The downsides of processing files using too large a buffer size
I was recently reading this entry by Ben Boyter, part of which is his discussion of some attempts to optimize file IO. In these attempts he varied his buffer sizes, from reading the entire file more or less at once to reading in smaller buffers. As I thought about this, I had a belated realization about file buffer sizes when you're processing the result as a stream.
My normal inclination when picking read buffer sizes for file IO is to pick a large number. Classically this has two good effects; it reduces system call overhead (because you make fewer of them) and it gets the operating system to do IO to the underlying disks in larger chunks, which is often better. However, there is a hidden drawback to large buffer sizes, namely that reading data into a buffer is a synchronous action as far as your program is concerned; under normal circumstances, the operating system can't give your program back control until it's put the very last byte of the buffer into place. If you ask for 16 Kb, your program can start work once byte 16,384 has shown up; if you ask for 1 Mbyte, you get to wait until byte 1,048,576 has shown up, which is generally going to take longer. The more you try to read at once, the longer you're going to stall.
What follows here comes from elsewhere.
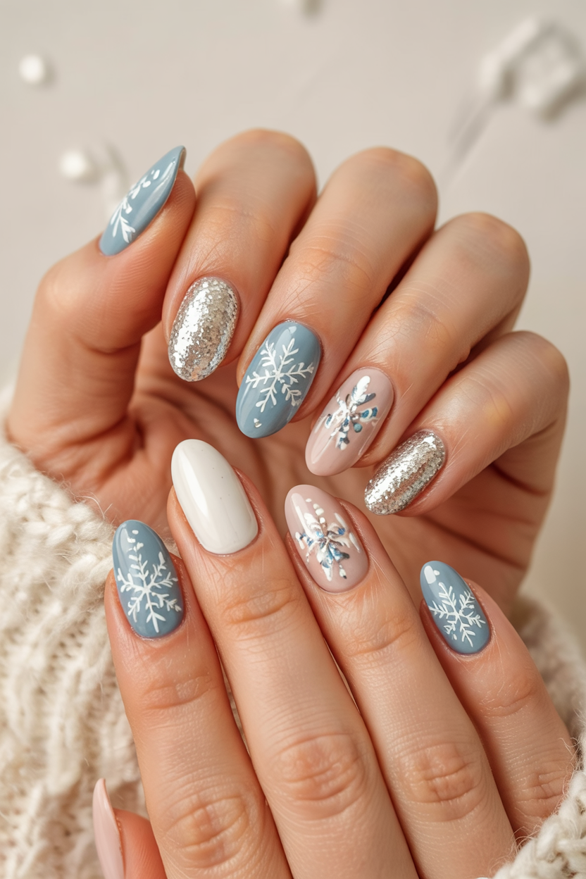 Soft blue colors blended with white snowflakes and accents of silver and glitter build a dreamy, icy aura. This set feels light and delicate and will go with the kind of manicure that whispers elegance rather than shouts for attention. The marriage between subtle winter tones and glitters makes these nails highly suitable for both holiday glory dinners and casual evenings basking by the fire.

On the surface this looks like it reduces the time to process the start of the file but not necessarily the time to process the end (because to get to the end of a 1 Mbyte file, you still need to wait for byte 1,048,576 to show up). However, reading data is not necessarily a synchronous action all the way to the disk. If you're reading data sequentially, all OSes are going to start doing readahead. This readahead means that you're effectively doing asynchronous disk reads that at least partially overlap with your program's work; while your program is processing its current buffer of data, the OS is issuing readaheads and may be able to satisfy your program's next read by just copying things around in RAM, instead of waiting for the disk.
If you attempt to read the entire file before processing any of it, you don't get any of these benefits. If you read in quite large buffers, you probably only get moderate benefits; you're still waiting for relatively large read operations to finish before you can start processing data, and the OS may not be willing to do enough readahead to cover the next full buffer. For good results, you don't want your buffer sizes to be too large, although I don't know what a good size is these days.
(Because I like ZFS and the normal ZFS block size for many files is 128 Kb, I think that 128 Kb is a good starting point for a read buffer size. If you strongly care about this, you may want to benchmark on your specific environment, because it's going to depend on how much readahead your OS is willing to do for you.)
PS: This also depends on your processing of the file not taking too long. If you can only process the file at a rate far lower than the speed of your IO, IO time has a relatively low impact on things and so it may not matter much how you read the file.
(In retrospect this feels like a reasonably obvious thing, but it didn't occur to me until now and as mentioned I've tended to reflexively do read IO in quite large buffer sizes. I'm probably going to be changing that in the future, at least for programs that process what they read.)